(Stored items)
BEGIN

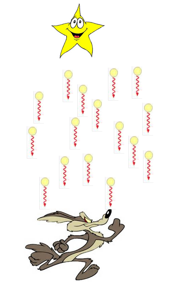 Actually, that’s how it looks like for a side and stationary observer. What would you (in case you are not a coyote, feel free to replace the picture with your favorite representation of yourself. I don’t know who’s reading this, so I had to make some assumptions…)… what was I saying? Oh yes: what would you see, when you’re moving really fast (in reality you are not moving that fast, it’s the earth moving, of course), according to aberration proponents, would be something like this:
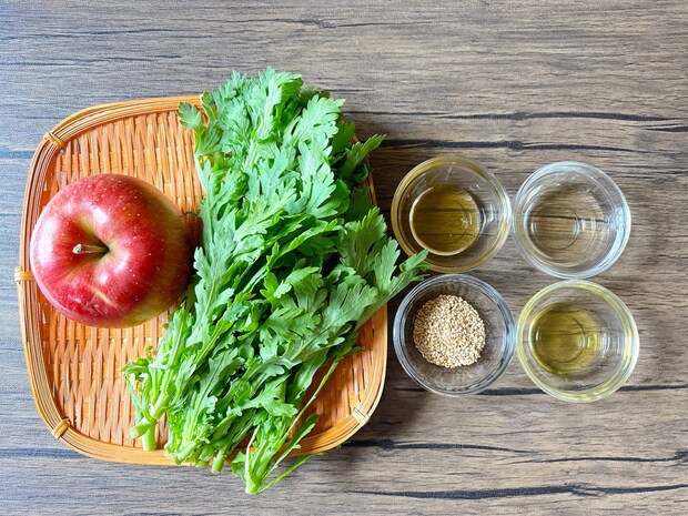 レシピ1. 春菊とりんごのシャキシャキサラダ
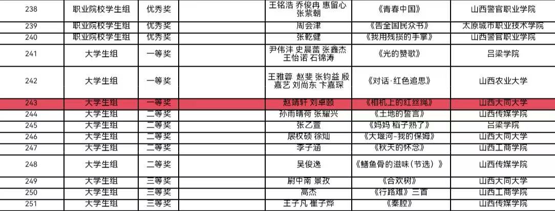 “云章诵尽千年韵,百舸争流文脉长”。近日,山西省教育厅对第七届“诵读中国”中华经典诵写讲大赛山西赛区拟推荐入围国赛名单予以公示。我院23级历史二班赵靖轩和24级历史二班刘卓颐,凭借朗诵作品《相机上的红丝绳》荣获省级一等奖,并成功入围全国总决赛,充分体现了我院学子在经典文化传承中的深厚积淀与持续奋进的精神风貌。
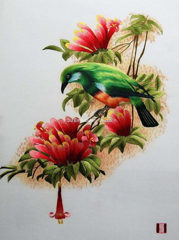 It is all hand embroidered with fine silk threads by embroidery artists from Su Embroidery Studio in Suzhou, China.
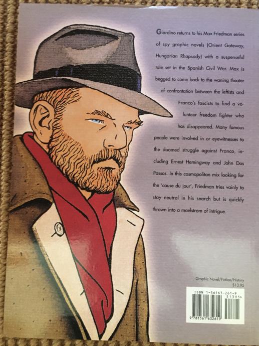 A suspenseful tale set in the Spanish Civil War. Max is begged to come back to the waning theater of confrontation between the leftists and Franco’s fascists to find a volunteer freedom fighter who has disappeared. Many famous people were involved in or eyewitnesses to the doomed struggle against Franco, including Ernest Hemingway and John Dos Passos. In this cosmopolitan mix looking for the ‘cause du jour’, Friedman tries vainly to stay neutral in his search but is quickly thrown into a maelstrom of intrigue.
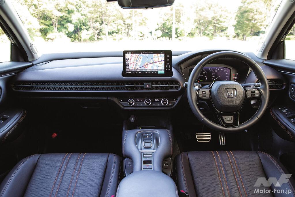 ZR-Vのデザインは最近のホンダデザインの典型で、付加的な装飾を排した〝線と面〞で見せるタイプだ。正直なところ写真映えするタイプではなく、2023年4月の発売前はデザインについて批判的な意見も目立ったが、街なかで見掛けるようになった最近は否定派も減ってきたように思える。一見すると斬新だが基本プロポーションはオーソドックスで、後席や荷室も十分に広い。
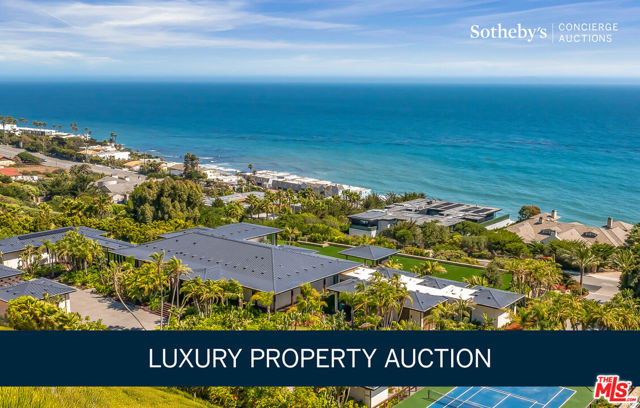 ***LUXURY PROPERTY AUCTION: 11-17 December. Accepting Starting Bids Through 10 December. Starting Bids Expected Between $15M-$20M. Earn an incentive by 10 December***A palatial single-story estate at MariSol Malibu, redefines sustainable luxury living. Built in 2023 by renowned architect Doug Burdge and inspired by the Four Seasons Hualalai, this certified net zero carbon residence captures the essence of Hawaiian resort living across two acres with breathtaking whitewater ocean views stretching to Catalina Island. The compound features tennis and basketball courts with pickleball, infinity pool pavilion, and a recently expanded backyard rivaling a sports pitch. Lush tropical landscaping and an interior glass bridge connecting main and guest houses create an island sanctuary. The nearly 2,000-square-foot primary suite opens to ocean waves while two kitchens with three center islands showcase Miele and Gaggenau appliances. Wellness amenities include gym, redwood sauna, and steam room. Built with sustainably sourced lava rock and low carbon concrete Southern California's first to meet Marin County standards this 100% electric home operates with Tesla Powerwalls and solar panels, representing the pinnacle of sustainable coastal living.

END

**Task instructions:**
Write out every entry again word for word, without any of the pictures.

**Result of the exercise:**
 Actually, that’s how it looks like for a side and stationary observer. What would you (in case you are not a coyote, feel free to replace the picture with your favorite representation of yourself. I don’t know who’s reading this, so I had to make some assumptions…)… what was I saying? Oh yes: what would you see, when you’re moving really fast (in reality you are not moving that fast, it’s the earth moving, of course), according to aberration proponents, would be something like this:
 レシピ1. 春菊とりんごのシャキシャキサラダ
 “云章诵尽千年韵,百舸争流文脉长”。近日,山西省教育厅对第七届“诵读中国”中华经典诵写讲大赛山西赛区拟推荐入围国赛名单予以公示。我院23级历史二班赵靖轩和24级历史二班刘卓颐,凭借朗诵作品《相机上的红丝绳》荣获省级一等奖,并成功入围全国总决赛,充分体现了我院学子在经典文化传承中的深厚积淀与持续奋进的精神风貌。
 It is all hand embroidered with fine silk threads by embroidery artists from Su Embroidery Studio in Suzhou, China.
 A suspenseful tale set in the Spanish Civil War. Max is begged to come back to the waning theater of confrontation between the leftists and Franco’s fascists to find a volunteer freedom fighter who has disappeared. Many famous people were involved in or eyewitnesses to the doomed struggle against Franco, including Ernest Hemingway and John Dos Passos. In this cosmopolitan mix looking for the ‘cause du jour’, Friedman tries vainly to stay neutral in his search but is quickly thrown into a maelstrom of intrigue.
 ZR-Vのデザインは最近のホンダデザインの典型で、付加的な装飾を排した〝線と面〞で見せるタイプだ。正直なところ写真映えするタイプではなく、2023年4月の発売前はデザインについて批判的な意見も目立ったが、街なかで見掛けるようになった最近は否定派も減ってきたように思える。一見すると斬新だが基本プロポーションはオーソドックスで、後席や荷室も十分に広い。
 ***LUXURY PROPERTY AUCTION: 11-17 December. Accepting Starting Bids Through 10 December. Starting Bids Expected Between $15M-$20M. Earn an incentive by 10 December***A palatial single-story estate at MariSol Malibu, redefines sustainable luxury living. Built in 2023 by renowned architect Doug Burdge and inspired by the Four Seasons Hualalai, this certified net zero carbon residence captures the essence of Hawaiian resort living across two acres with breathtaking whitewater ocean views stretching to Catalina Island. The compound features tennis and basketball courts with pickleball, infinity pool pavilion, and a recently expanded backyard rivaling a sports pitch. Lush tropical landscaping and an interior glass bridge connecting main and guest houses create an island sanctuary. The nearly 2,000-square-foot primary suite opens to ocean waves while two kitchens with three center islands showcase Miele and Gaggenau appliances. Wellness amenities include gym, redwood sauna, and steam room. Built with sustainably sourced lava rock and low carbon concrete Southern California's first to meet Marin County standards this 100% electric home operates with Tesla Powerwalls and solar panels, representing the pinnacle of sustainable coastal living.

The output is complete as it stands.